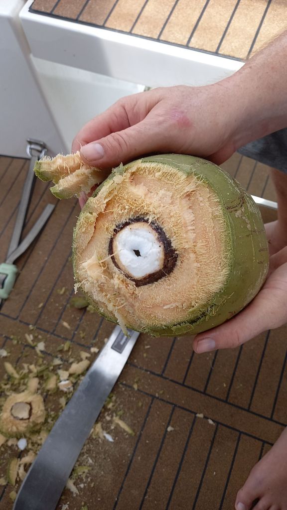 Der Bootsverkehr bei Tupbak hält sich in Grenzen. Recht wenige Kuna-Kanus schauen vorbei. Auch das Angebot unterscheidet sich. Weniger (Meeres-)Früchte, dafür jedoch schon mal die Frage nach einer Reinigung des Rumpfes oder Diesel… wobei ich immer noch nicht weiß, ob er diesen verkaufen oder bekommen wollte.
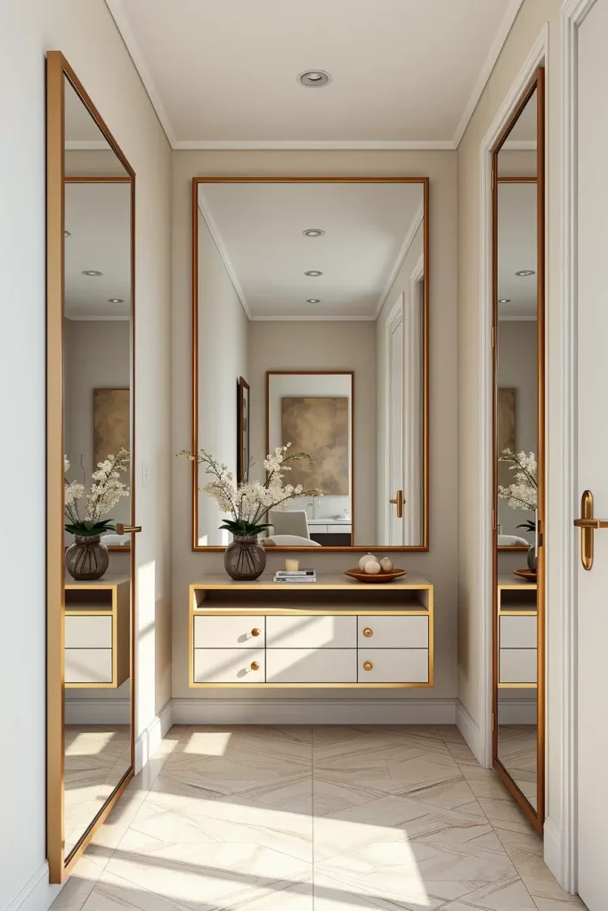 Mirrors are a designer’s secret weapon—especially in cramped or narrow hallways. They let light through, open the room and seem to give the room depth. If your hallway is tight, I’d suggest using a large vertical mirror or covering one wall with mirrors. As soon as you include them, entries become open and appear more modern.
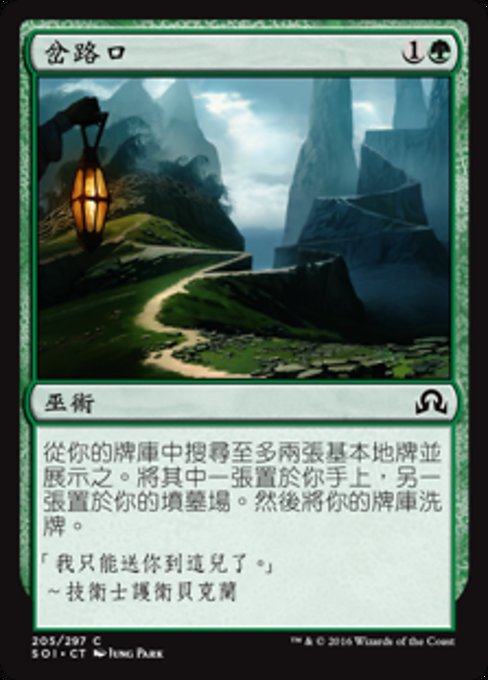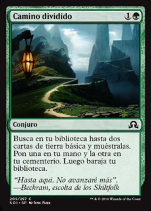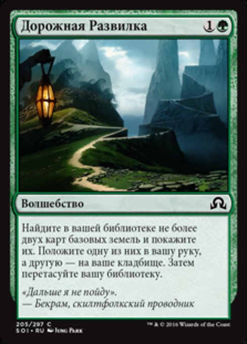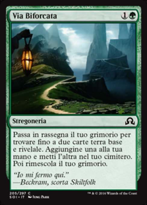 |  Variations— Parts— | Fork in the RoadSearch your library for up to two basic land cards and reveal them. Put one into your hand and the other into your graveyard. Then shuffle.

◆ What you are asked to do ◆
Print the material in full and exactly, minus the pictures.

◆ Solution ◆
 Der Bootsverkehr bei Tupbak hält sich in Grenzen. Recht wenige Kuna-Kanus schauen vorbei. Auch das Angebot unterscheidet sich. Weniger (Meeres-)Früchte, dafür jedoch schon mal die Frage nach einer Reinigung des Rumpfes oder Diesel… wobei ich immer noch nicht weiß, ob er diesen verkaufen oder bekommen wollte.
 Mirrors are a designer’s secret weapon—especially in cramped or narrow hallways. They let light through, open the room and seem to give the room depth. If your hallway is tight, I’d suggest using a large vertical mirror or covering one wall with mirrors. As soon as you include them, entries become open and appear more modern.
 |  Variations— Parts— | Fork in the RoadSearch your library for up to two basic land cards and reveal them. Put one into your hand and the other into your graveyard. Then shuffle.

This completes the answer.